Force diagram for an element of water surface in co-rotating frame. Top: Radial section and selected point on water surface; the water, the co-rotating frame, and the radial section share a constant angular rate of rotation given by the vector Ω. Bottom: Force diagram at selected point on surface. The slope of the surface adjusts to make all three forces sum to zero.

 

Newton's laws of motion

The shape of the surface of a rotating liquid in a bucket can be determined using Newton's laws for the various forces on an element of the surface. For example, see Knudsen and Hjorth. The analysis begins with the free body diagram in the co-rotating frame where the water appears stationary. The height of the water h = h(r) is a function of the radial distance r from the axis of rotation Ω, and the aim is to determine this function. An element of water volume on the surface is shown to be subject to three forces: the vertical force due to gravity F_g, the horizontal, radially outward centrifugal force F_Cfgl, and the force normal to the surface of the water F_n due to the rest of the water surrounding the selected element of surface. The force due to surrounding water is known to be normal to the surface of the water because a liquid in equilibrium cannot support shear stresses. To quote Anthony and Brackett:

The surface of a fluid of uniform density..., if at rest, is everywhere perpendicular to the lines of force; for if this were not so, the force at a point on the surface could be resolved into two components, one perpendicular and the other tangent to the surface. But from the nature of a fluid, the tangential force would set up a motion of the fluid, which is contrary to the statement that the fluid is at rest.

— William Arnold Anthony & Cyrus Fogg Brackett: Elementary Text-book of Physics, p. 127

Moreover, because the element of water does not move, the sum of all three forces must be zero. To sum to zero, the force of the water must point oppositely to the sum of the centrifugal and gravity forces, which means the surface of the water must adjust so its normal points in this direction. (A very similar problem is the design of a banked turn, where the slope of the turn is set so a car will not slide off the road.
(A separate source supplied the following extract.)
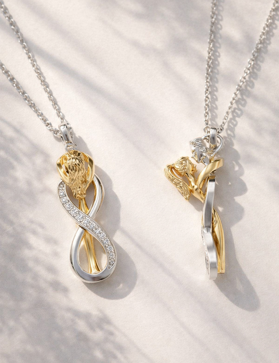 Amoria Infinity, sevginin sonsuz döngüsünü simgeler. 925 ayar gümüşün parlaklığı, altın tonların sıcaklığıyla birleşerek duygusal bir uyum yaratır. Anne ve çocuk figüründen ilham alan bu tasarım, korumayı ve sevgiyi zarafetle taşır. Her bakışta bir “amore” hatırlatması.

The analogy in the case of rotating bucket is that the element of water surface will "slide" up or down the surface unless the normal to the surface aligns with the vector resultant formed by the vector addition F_g + F_Cfgl.) 

As r increases, the centrifugal force increases according to the relation (the equations are written per unit mass):

${\displaystyle F_{\mathrm {Cfgl} }=m{\mathit {\Omega }}^{2}r\ ,}$

where Ω is the constant rate of rotation of the water. The gravitational force is unchanged at

${\displaystyle F_{\mathrm {g} }=mg\ ,}$

where g is the acceleration due to gravity. These two forces add to make a resultant at an angle φ from the vertical given by

${\displaystyle \tan \varphi ={\frac {F_{\mathrm {Cfgl} }}{F_{\mathrm {g} }}}={\frac {{\mathit {\Omega }}^{2}r}{g}}\ ,}$

which clearly becomes larger as r increases. To ensure that this resultant is normal to the surface of the water, and therefore can be effectively nulled by the force of the water beneath, the normal to the surface must have the same angle, that is,

${\displaystyle \tan \varphi ={\frac {\mathrm {d} h}{\mathrm {d} r}}\ ,}$

leading to the ordinary differential equation for the shape of the surface:

${\displaystyle {\frac {\mathrm {d} h}{\mathrm {d} r}}={\frac {{\mathit {\Omega }}^{2}r}{g}}\ ,}$

or, integrating:

${\displaystyle h(r)=h(0)+{\frac {1}{2g}}\left({\mathit {\Omega }}r\right)^{2}\ ,}$

where h(0) is the height of the water at r = 0. In words, the surface of the water is parabolic in its dependence upon the radius.

Potential energy

The shape of the water's surface can be found in a different, very intuitive way using the interesting idea of the potential energy associated with the centrifugal force in the co-rotating frame. In a reference frame uniformly rotating at angular rate Ω, the fictitious centrifugal force is conservative and has a potential energy of the form:

${\displaystyle {U}_{\mathrm {Cfgl} }=-{\frac {1}{2}}m\Omega ^{2}r^{2}\ ,}$

where r is the radius from the axis of rotation. This result can be verified by taking the gradient of the potential to obtain the radially outward force:

${\displaystyle F_{\mathrm {Cfgl} }=-{\frac {\partial }{\partial r}}{U}_{\mathrm {Cfgl} }}$ ${\displaystyle =m\Omega ^{2}r\ .}$

The meaning of the potential energy is that movement of a test body from a larger radius to a smaller radius involves doing work against the centrifugal force. 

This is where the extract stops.